Drug discovery: Today’s drug discovery process is lengthy, averaging 12 years to market (California Biomedical Research Association). Expense and uncertainty are also prohibitive; drug development costs an average of $359m and just 2% of US preclinical drugs are approved for human use (California Biomedical Research Association). AI is being applied to multiple stages of the drug development process to accelerate time to market and reduce uncertainty. AI is being applied to synthesise information and offer hypotheses from the 10,000 research papers published daily, predict how compounds will behave from an earlier stage of the testing process, and identify patients for clinical trials.
The average cost of drug development: $359m. Just 2% of US pre-clinical drugs are approved for human use.

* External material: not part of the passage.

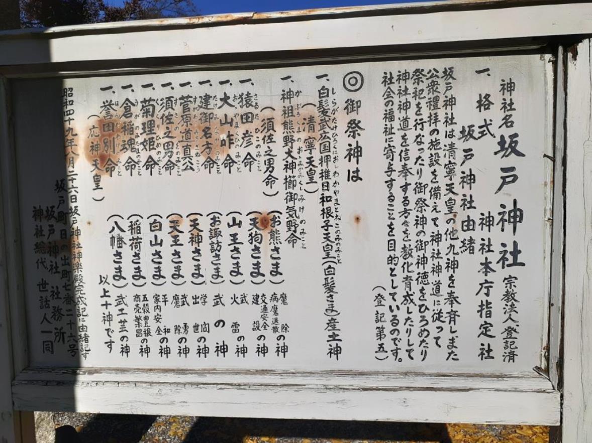 また、同一七年(一八八四)には、坂戸駅付近の導願山に遷座して清寧天皇(白髪明神)・猿田彦命(白髭明神)の二神を主祭神とし、同時に稲荷前の熊野社、堀ノ内の諏訪社、天神前の天神社の三社を合祀し、五社様と尊称され、氏子区域も広がり盛大に祭祀を営みました。更に、同四十年(一九〇七)には日枝前の日枝・白山社、八坂社、これに加え、粟生田の稲荷社、上吉田の諏訪社・天神八幡社を合祀し、現在の鎮座地である字日枝前に遷座し、氏子区域は広大となり、祭祀も更に増え、厳粛・盛大に執行されました。本殿は神明造りで御扉が五箇所ある、いわゆる相殿五座で一座ごとに二神を奉斎します。第一座は主祭神、壱番神「清寧天皇」、弐番神「猿田彦命」。第二座よりは合祀神、参番神「神祖熊野大神櫛御気野命」、四番神「建御名方命」。第三座は五番神「菅原道真公」、六番神「大山咋命」。第四座は七番神「菊理姫命」、八番神「須佐之男命」。第五座は九番神「倉稲魂命」、拾番神「誉田別命」の十神(拾神 とかみ)です。そして、同年には社号も「白髪社」から現在の「坂戸神社」に改められ、境内も一段と整備されました。(中略)

Source: California Biomedical Research Association
While the fundamentals of insurance – customer prospecting, risk assessment, claims processing and fraud detection – have remained unchanged, modern AI can improve every stage in the insurance process to deliver efficiency savings and improved customer experience. By identifying patterns in data better than rules-based systems, AI can improve and accelerate decision-making and claims processing, reduce fraud and automate a large proportion of customer service enquiries.
Risk assessment: AI can gather information from broader data sets, including web and social media profiles, to compile richer customer information and inform risk assessment. AI can then assess the risk of individual policies more accurately than rulesbased systems, by detecting non-linear patterns in multi-variate data sets and making more accurate projections.
Claims processing: AI can reduce time-to-quote, time-to-claim and claims processing costs for consumers and insurers. To accelerate claims processing, AI systems can automatically extract and classify structured and unstructured information from insurance policies and claim forms. By analysing images of damaged assets, computer vision systems can automatically classify claims. Through improved pattern recognition applied to prior cases, AI can also predict settlement costs. Algorithms using deep learning are effective for image analysis, while Bayesian (probability-based) AI is useful for predicting settlement costs.
Fraud detection: Insurance fraud costs UK insurers £1.3bn annually and adds £50 to the average policyholder’s annual bill (Association of British Insurers). UK insurers invest over £200m annually to tackle the challenge (Association of British Insurers). Fraud detection algorithms enhanced with AI can identify
fraudulent transactions, while reducing false positives, more effectively than traditional approaches.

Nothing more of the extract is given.